PoW-Hook operates on a Zero-Trust model. It treats the developer’s machine as an untrusted environment until a cryptographic signature proves compliance. The system is divided into three distinct layers:

  • The Laborer (Local Hooks): When a developer prepares a commit, PoW-Hook runs the mandatory local checks (configured via POW_CHECKS_CMD). On success, it generates a session UUID and records an attestation.
  • The Notary (Signing): The commit-msg hook signs a tri-factor payload – consisting of the Git tree hash, the session ID, and the passing status – using the developer’s local SSH private key. This signature is then bundled into a single, clean PoW-Checks Git trailer.
  • The Gatekeeper (Remote Verification): Upon pushing, a GitHub Action (or pre-receive hook) extracts the signature. It fetches the developer’s registered public keys directly from the GitHub API and verifies the signature. It also cross-references the session ID against a remote ledger to prevent “man-in-the-middle” signature forgery.

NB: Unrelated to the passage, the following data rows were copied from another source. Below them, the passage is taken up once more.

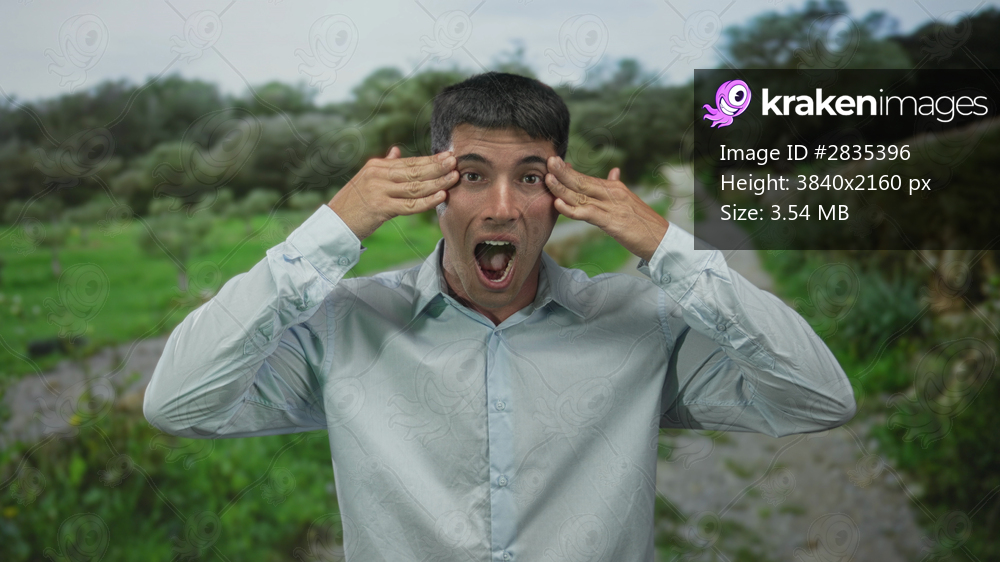 Young hispanic man wearing light blue shirt presses temples with hands on green forest path; surprise.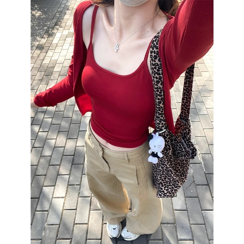 红色吊带背心女夏季修身显瘦带胸垫打底内搭无袖绝美上衣外穿比例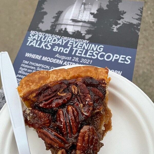 During September 2020, the Bobcat Fire came dangerously close to the Mt. Wilson Observatory, which I watched nightly on the Mt. Wilson webcams. Once the fire was over, I vowed to visit as soon as the observatory re-opened to the public. Every time I’m up there, I just marvel/imagine what it must’ve been like for George Ellery Hale to coordinate the seemingly-impossible effort of building an observatory on Mt. Wilson in the early 1900s. There have been so many more scientific advancements in other parts of Southern California, but I just really appreciate Mt. Wilson’s important early role in the region’s aerospace history. At the end of summer, the observatory hosted a series of public lectures and I eagerly attended the one in August (and also eagerly ate up this Pie N’ Burger pecan pie).

    Automated Incident Response

    One of the most powerful features of PoW-Hook is its aggressive incident response. If a commit is pushed without a valid signature:

    • Instant Obliteration: The validator force-reverts the branch to the last known-good state.
    • PR Quarantine: Any associated Pull Requests are automatically closed, and administrators are notified.
    • Support-Level Cleanup: Since GitHub’s API doesn’t allow for hard-deleting PR metadata, PoW-Hook provides direct links for admins to file a support ticket for complete history scrubbing.

    Why PoW-Hook?

    • Key Agnostic: Supports all SSH key types registered on GitHub (Ed25519, RSA, ECDSA).
    • Zero-Bypass: Even malicious insiders cannot bypass the server-side gatekeeper without the required cryptographic proof.
    • Low Overhead: Uses standard GitHub API calls and Action runner minutes, making it a cost-effective alternative to enterprise-only solutions.

    Get Started

    Getting started with PoW-Hook is a two-step process:

    1. Repo Admin: Run admin_install.py to scaffold the verification workflows.
    2. Developer: Run install.sh to configure local signing.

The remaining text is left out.